→ WHAT THE TASK REQUIRES: Once you find the line with "(a) Very-high-value sub-districts" in the data below, transcribe exactly each line from there to the line with "3D OVAL LOGO CROP T-SHIRTS [BLACK]", inclusive, and nothing else. Drop the pictures.

→ RECORDS SUPPLIED:

──────

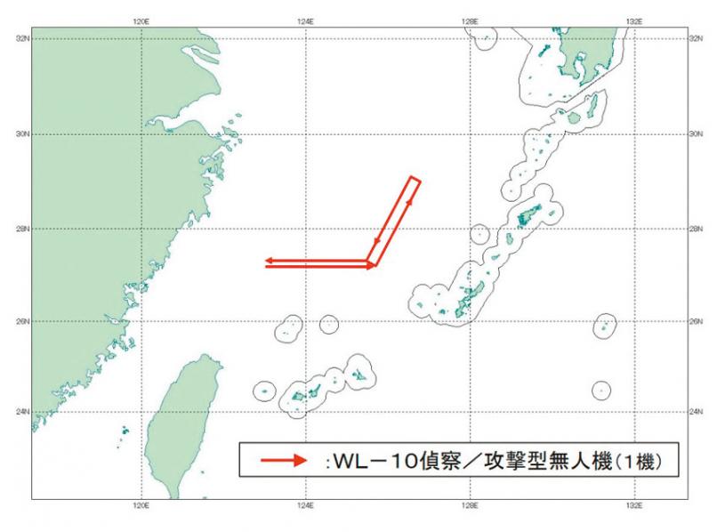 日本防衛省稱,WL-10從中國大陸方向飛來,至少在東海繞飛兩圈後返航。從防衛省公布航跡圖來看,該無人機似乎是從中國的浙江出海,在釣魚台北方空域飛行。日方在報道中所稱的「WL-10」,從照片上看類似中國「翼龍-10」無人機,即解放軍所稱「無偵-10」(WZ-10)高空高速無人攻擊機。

──────

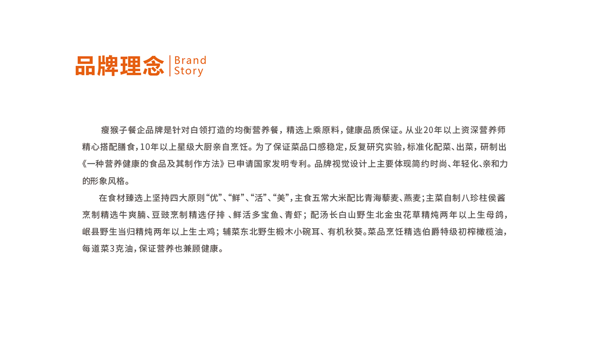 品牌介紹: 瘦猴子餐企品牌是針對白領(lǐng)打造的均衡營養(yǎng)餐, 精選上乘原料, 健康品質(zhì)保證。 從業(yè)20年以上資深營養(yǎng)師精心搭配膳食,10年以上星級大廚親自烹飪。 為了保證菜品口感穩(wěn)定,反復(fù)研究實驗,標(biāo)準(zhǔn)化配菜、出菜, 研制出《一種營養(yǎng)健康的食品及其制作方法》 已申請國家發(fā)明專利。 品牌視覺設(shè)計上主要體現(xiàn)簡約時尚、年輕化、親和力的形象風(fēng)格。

──────

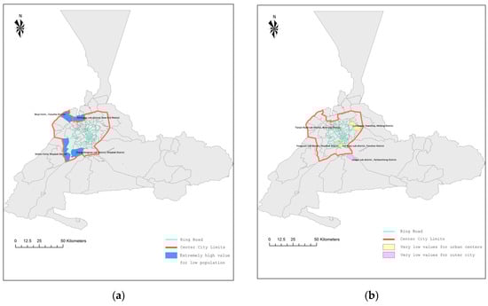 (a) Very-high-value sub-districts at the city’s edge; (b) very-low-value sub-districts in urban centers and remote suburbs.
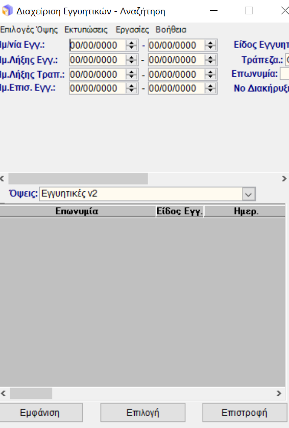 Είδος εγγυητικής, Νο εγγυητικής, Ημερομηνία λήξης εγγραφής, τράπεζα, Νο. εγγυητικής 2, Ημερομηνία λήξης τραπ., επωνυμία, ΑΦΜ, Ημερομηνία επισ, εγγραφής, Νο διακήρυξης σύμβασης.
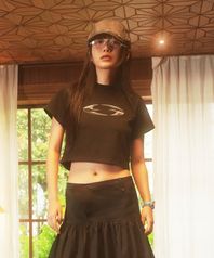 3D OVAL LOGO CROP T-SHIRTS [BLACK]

──────

→ YOUR RESPONSE:
 (a) Very-high-value sub-districts at the city’s edge; (b) very-low-value sub-districts in urban centers and remote suburbs.
 Είδος εγγυητικής, Νο εγγυητικής, Ημερομηνία λήξης εγγραφής, τράπεζα, Νο. εγγυητικής 2, Ημερομηνία λήξης τραπ., επωνυμία, ΑΦΜ, Ημερομηνία επισ, εγγραφής, Νο διακήρυξης σύμβασης.
 3D OVAL LOGO CROP T-SHIRTS [BLACK]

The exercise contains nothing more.